*DATA*:
++++++
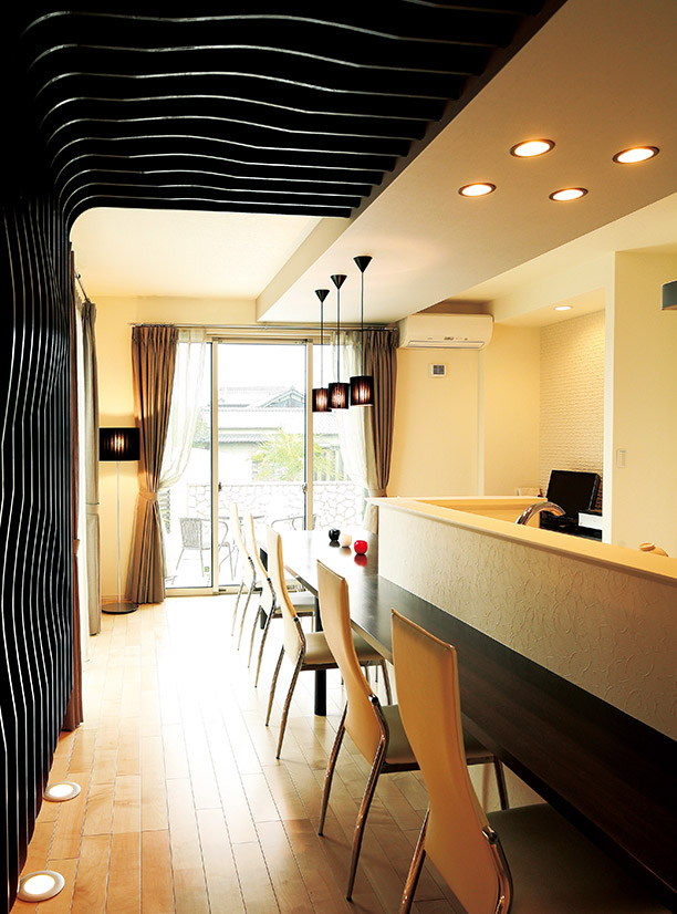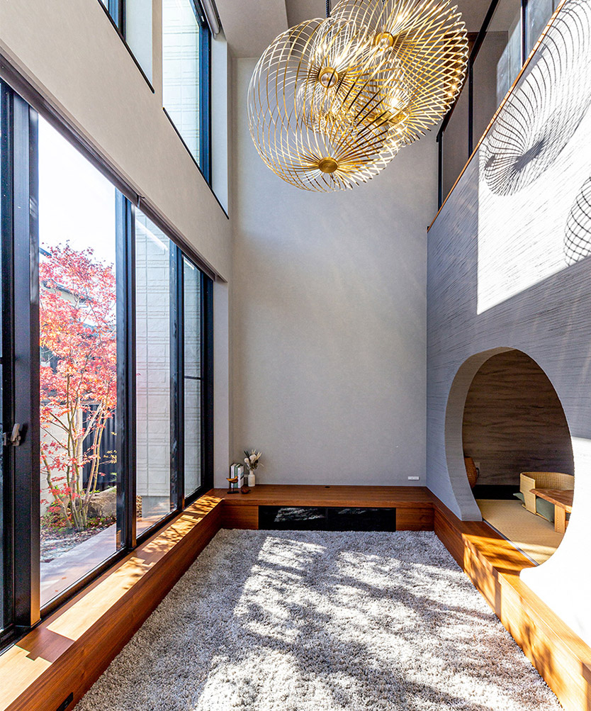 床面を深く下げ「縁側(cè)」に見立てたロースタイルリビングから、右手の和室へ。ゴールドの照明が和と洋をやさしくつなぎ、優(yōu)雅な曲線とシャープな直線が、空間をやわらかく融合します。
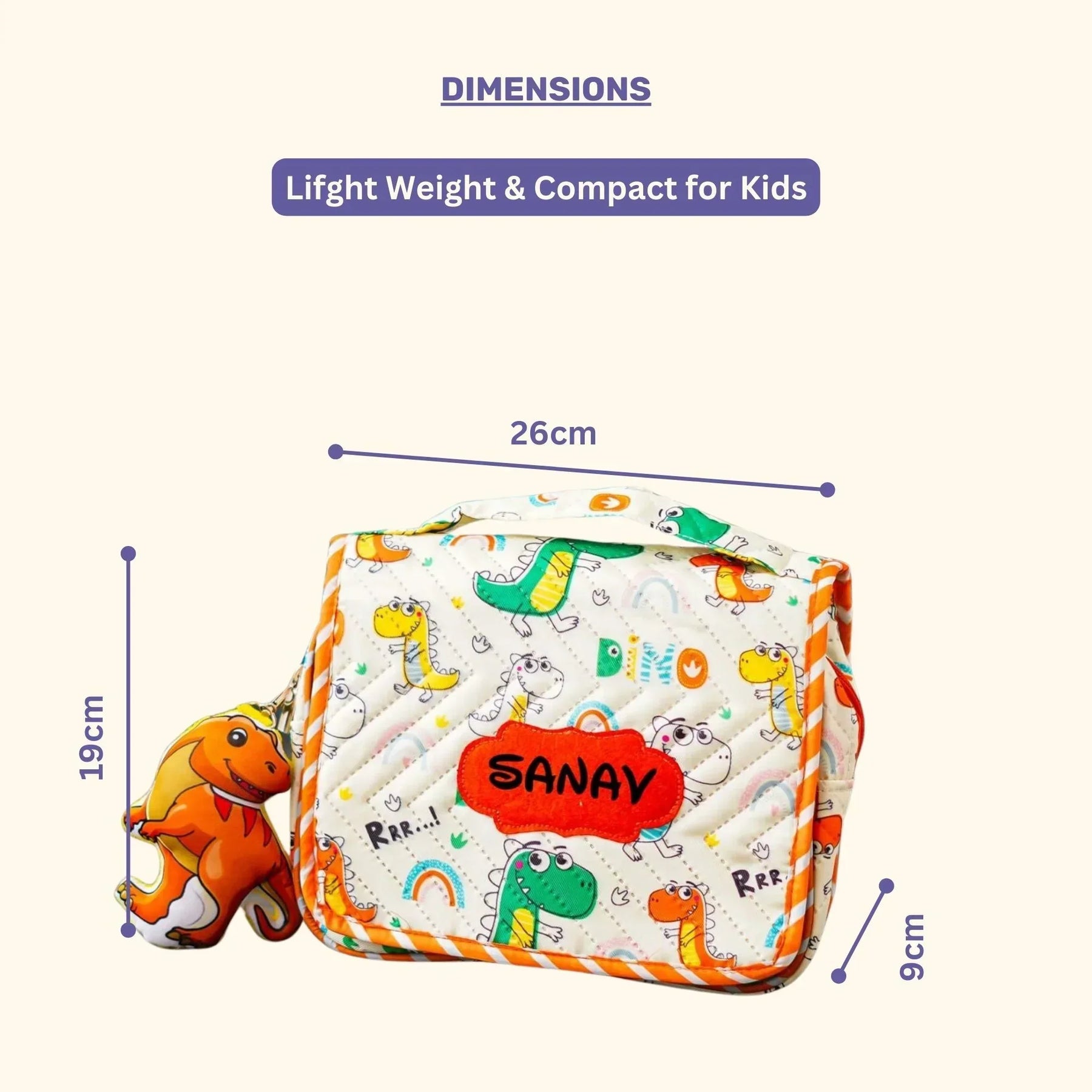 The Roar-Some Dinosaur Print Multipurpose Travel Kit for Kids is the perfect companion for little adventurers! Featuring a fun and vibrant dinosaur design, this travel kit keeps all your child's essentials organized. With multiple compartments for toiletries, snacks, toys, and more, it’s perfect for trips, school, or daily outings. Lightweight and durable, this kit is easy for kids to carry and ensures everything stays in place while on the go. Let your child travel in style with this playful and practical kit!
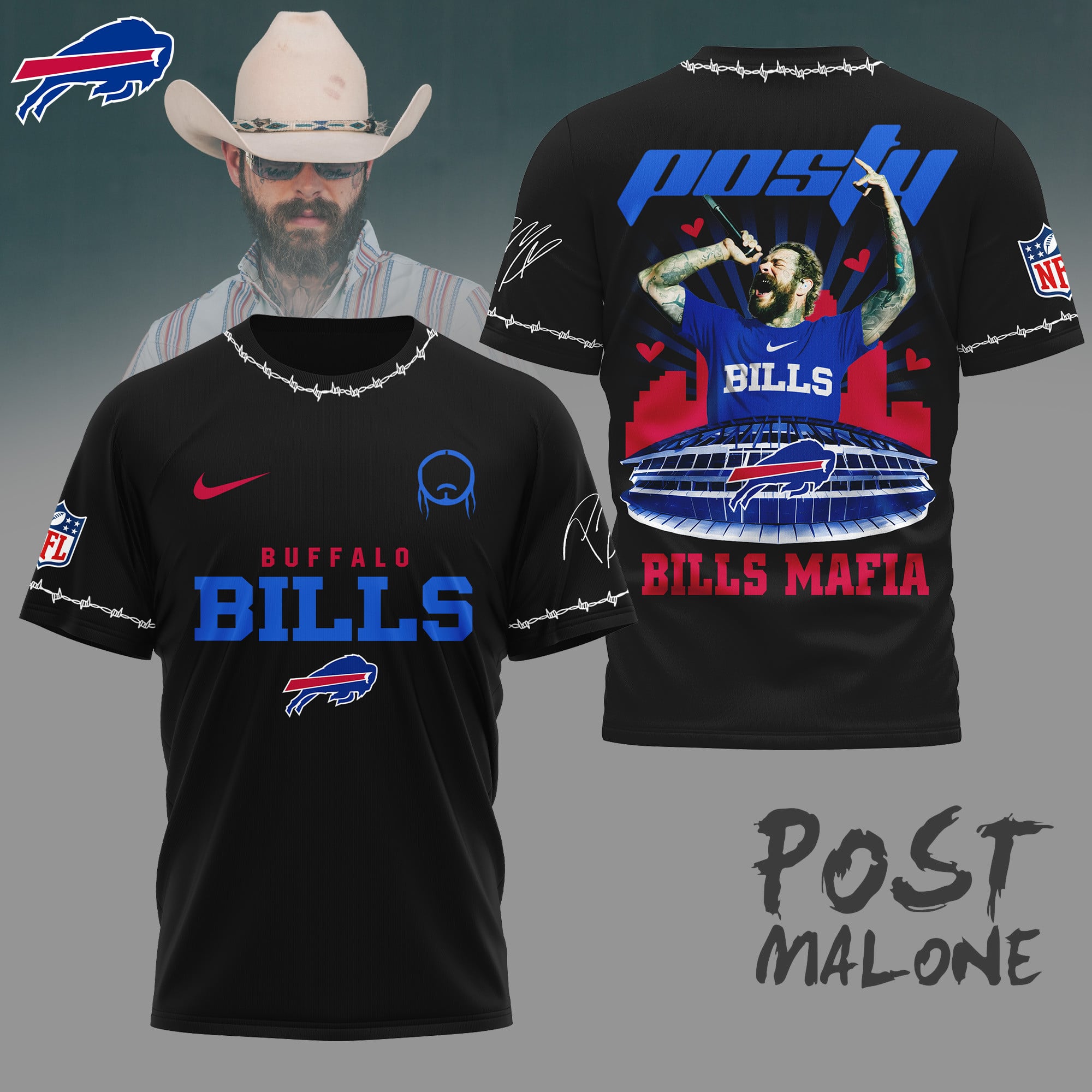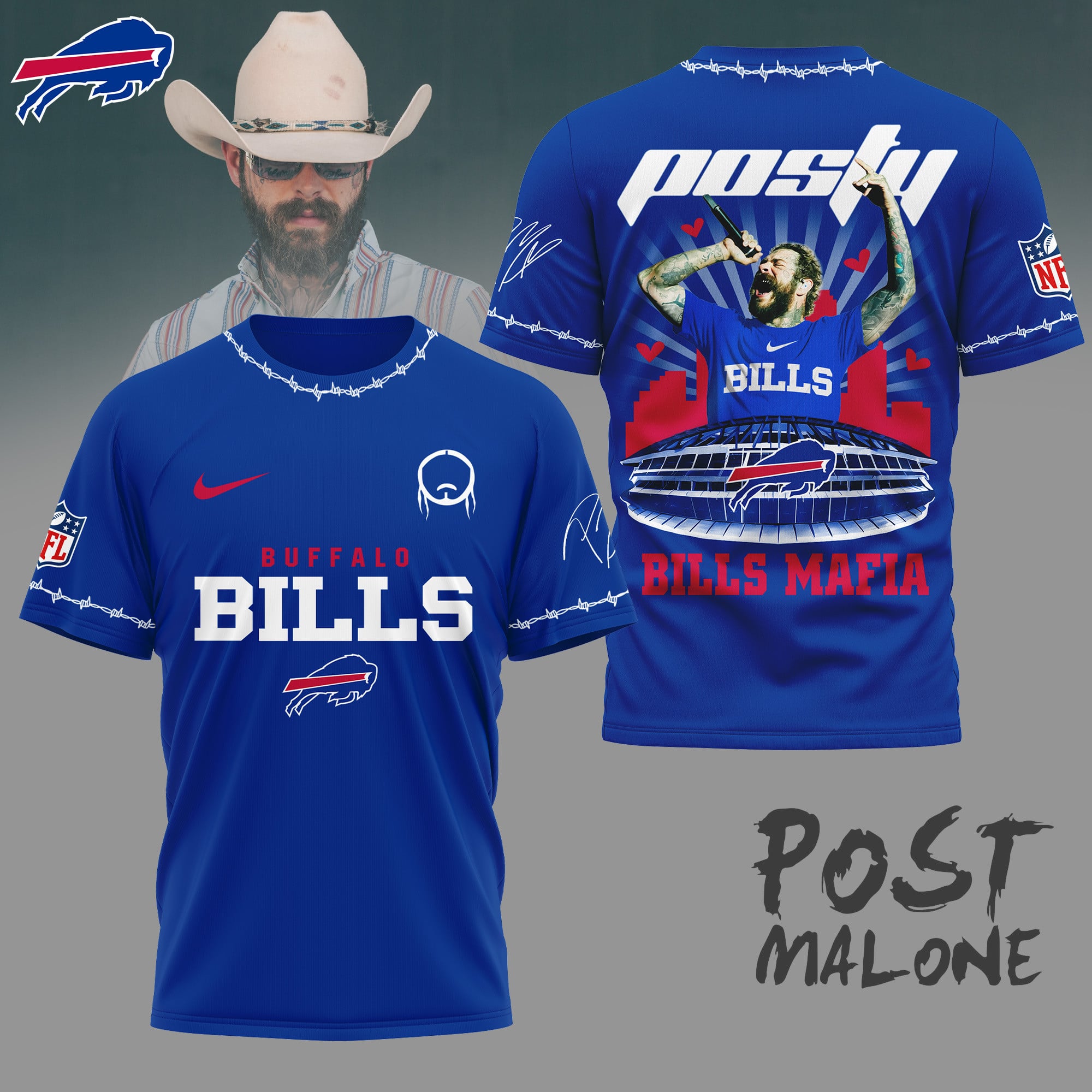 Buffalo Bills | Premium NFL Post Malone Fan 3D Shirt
++++++
*ASSIGNED TASK*: Omit the pictures and write out exactly the lines from the one containing "The Roar-Some Dinosaur" through the last line of the material.

*RESPONSE BELOW*:
 The Roar-Some Dinosaur Print Multipurpose Travel Kit for Kids is the perfect companion for little adventurers! Featuring a fun and vibrant dinosaur design, this travel kit keeps all your child's essentials organized. With multiple compartments for toiletries, snacks, toys, and more, it’s perfect for trips, school, or daily outings. Lightweight and durable, this kit is easy for kids to carry and ensures everything stays in place while on the go. Let your child travel in style with this playful and practical kit!
 Buffalo Bills | Premium NFL Post Malone Fan 3D Shirt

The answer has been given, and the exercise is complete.